Exercise aim =>
The span to repeat in the listing below runs from the line containing "당시 미국에 존재하던" to the line containing "生成されたドキュメントや連携", inclusive. Repeat it exactly, and only it.

Extracted material =>
◇ ◇ ◇

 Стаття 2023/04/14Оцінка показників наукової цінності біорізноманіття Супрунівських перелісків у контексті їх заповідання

◇ ◇ ◇

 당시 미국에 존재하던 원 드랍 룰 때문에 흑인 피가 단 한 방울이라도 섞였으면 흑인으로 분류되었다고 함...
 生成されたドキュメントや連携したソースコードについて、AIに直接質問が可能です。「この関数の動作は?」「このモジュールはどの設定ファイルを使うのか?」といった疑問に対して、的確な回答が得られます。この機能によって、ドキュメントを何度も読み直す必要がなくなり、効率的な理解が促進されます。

◇ ◇ ◇

Response =>
 당시 미국에 존재하던 원 드랍 룰 때문에 흑인 피가 단 한 방울이라도 섞였으면 흑인으로 분류되었다고 함...
 生成されたドキュメントや連携したソースコードについて、AIに直接質問が可能です。「この関数の動作は?」「このモジュールはどの設定ファイルを使うのか?」といった疑問に対して、的確な回答が得られます。この機能によって、ドキュメントを何度も読み直す必要がなくなり、効率的な理解が促進されます。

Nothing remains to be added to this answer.